Judge Okays Indiana Toll Road Bankruptcy Plan

CHICAGO - The operator of the Indiana Toll Road on Tuesday won federal court approval for a bankruptcy plan that will either sell the 75-year lease for the highway or restructure the company with $2.75 billion of new debt.

ITR Concession Co. won approval from U.S. Bankruptcy Judge Pamela Hollis on Oct. 28. The plan gives the company until August 2015 to find a buyer to take over the lease or restructure its debt.

"The debtors have already made progress toward that sale and we expect that process to accelerate that confirmation," Kirkland & Ellis attorney Marc Kieselstein said at the hearing, according to local reports.

If ITR can't find a buyer, it would float $2.75 billion of new debt to its senior creditors or restructure its debt, which totals more than $6 billion, with other financing. Both secured and unsecured creditors would see a full recovery under either plan.

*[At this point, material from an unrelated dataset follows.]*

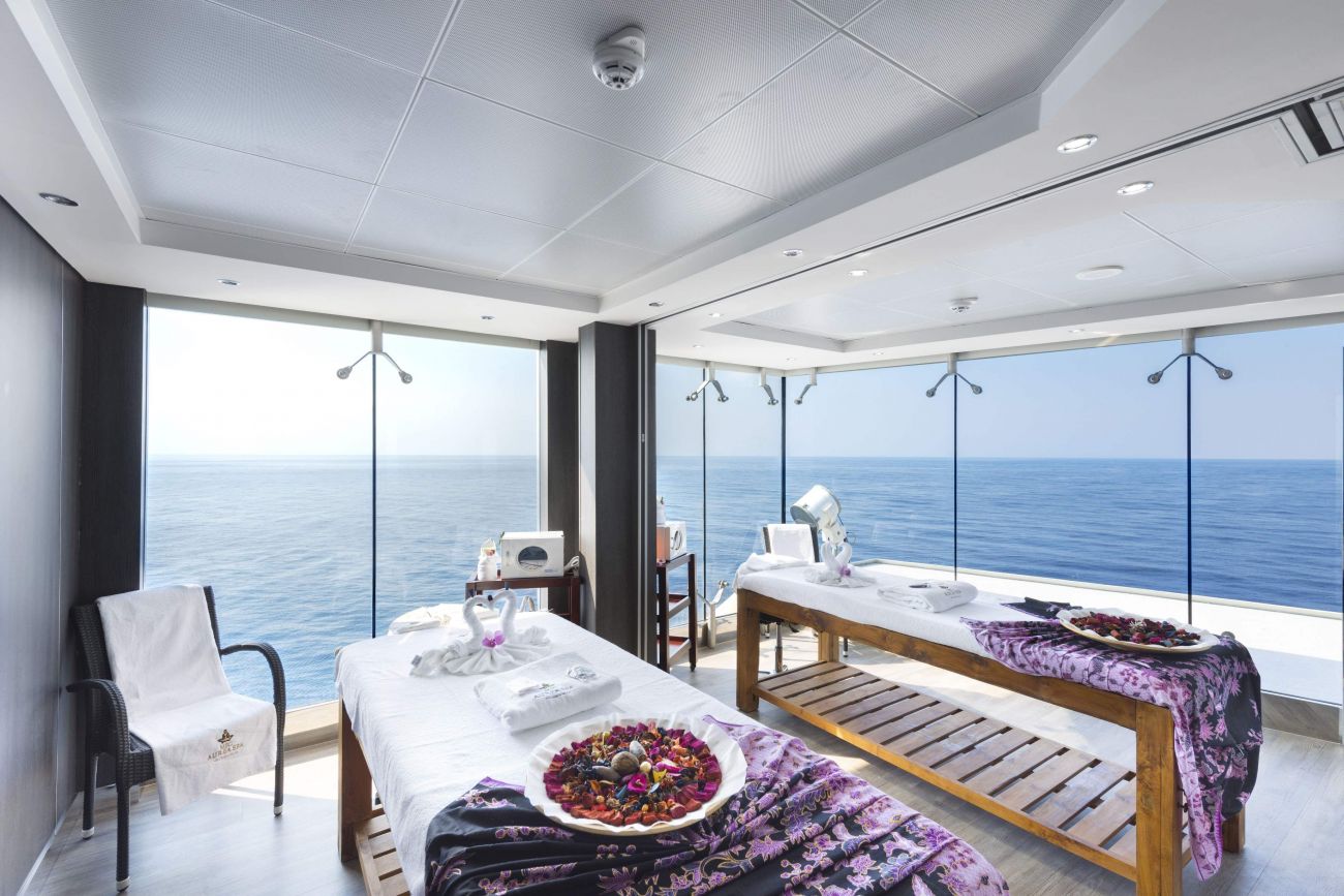 Ауреа Спа с масажи и козметични процедури, фризьор и маникюр, солариум, парна баня.

The plan is supported by more than 90% of the company's senior secured creditors, according to reports. The company has been working with creditors on the reorganization plan for more than two years, Kieselstein said.

ITR, a subsidiary of Macquaire Infrastructure Partners, Macquarie Atlas Roads and Cintra, filed for Chapter 11 bankruptcy on Sept. 21.

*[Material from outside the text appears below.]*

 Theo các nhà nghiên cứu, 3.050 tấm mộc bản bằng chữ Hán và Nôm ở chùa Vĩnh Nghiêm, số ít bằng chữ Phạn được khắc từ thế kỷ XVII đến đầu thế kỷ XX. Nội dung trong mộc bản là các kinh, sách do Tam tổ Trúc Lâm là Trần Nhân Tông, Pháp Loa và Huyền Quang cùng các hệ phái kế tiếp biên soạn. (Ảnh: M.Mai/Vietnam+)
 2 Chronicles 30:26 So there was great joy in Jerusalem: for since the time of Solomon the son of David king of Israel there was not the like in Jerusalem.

The company leased the road from the state in 2006 for 75 years. It gave Indiana an upfront payment of $3.8 billion, marking the largest privatization of a public asset to date.

Toll revenue has fallen short of what the company projected when it took over the lease. ITR also has $2.15 billion liability from interest-rate swaps hedging some of its variable-rate debt.

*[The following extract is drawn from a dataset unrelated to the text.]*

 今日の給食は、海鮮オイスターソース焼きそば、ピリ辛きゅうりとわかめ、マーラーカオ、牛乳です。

Indiana officials have repeatedly said any new owner will be required to stick to the terms of the 2006 lease, including caps on future toll rate increases.

The head of the Indiana Finance Authority last week sent a letter to state legislators reiterating that the state has no interest in taking over the asset and that the road did not generate enough tolls to cover maintenance when the state ran it.

"In 2005, the year before the road was leased, the state of Indiana did not collect sufficient tolls to support basic road treatments, or repair the deteriorating conditions of the highway and bridges," York wrote.

York was reportedly responding to a request from U.S. Sen. Joe Donnelly, D-Ind., that the IFA should take the road back or push for improvements in long-standing problems at toll plazas and bridges while ITR is in federal court.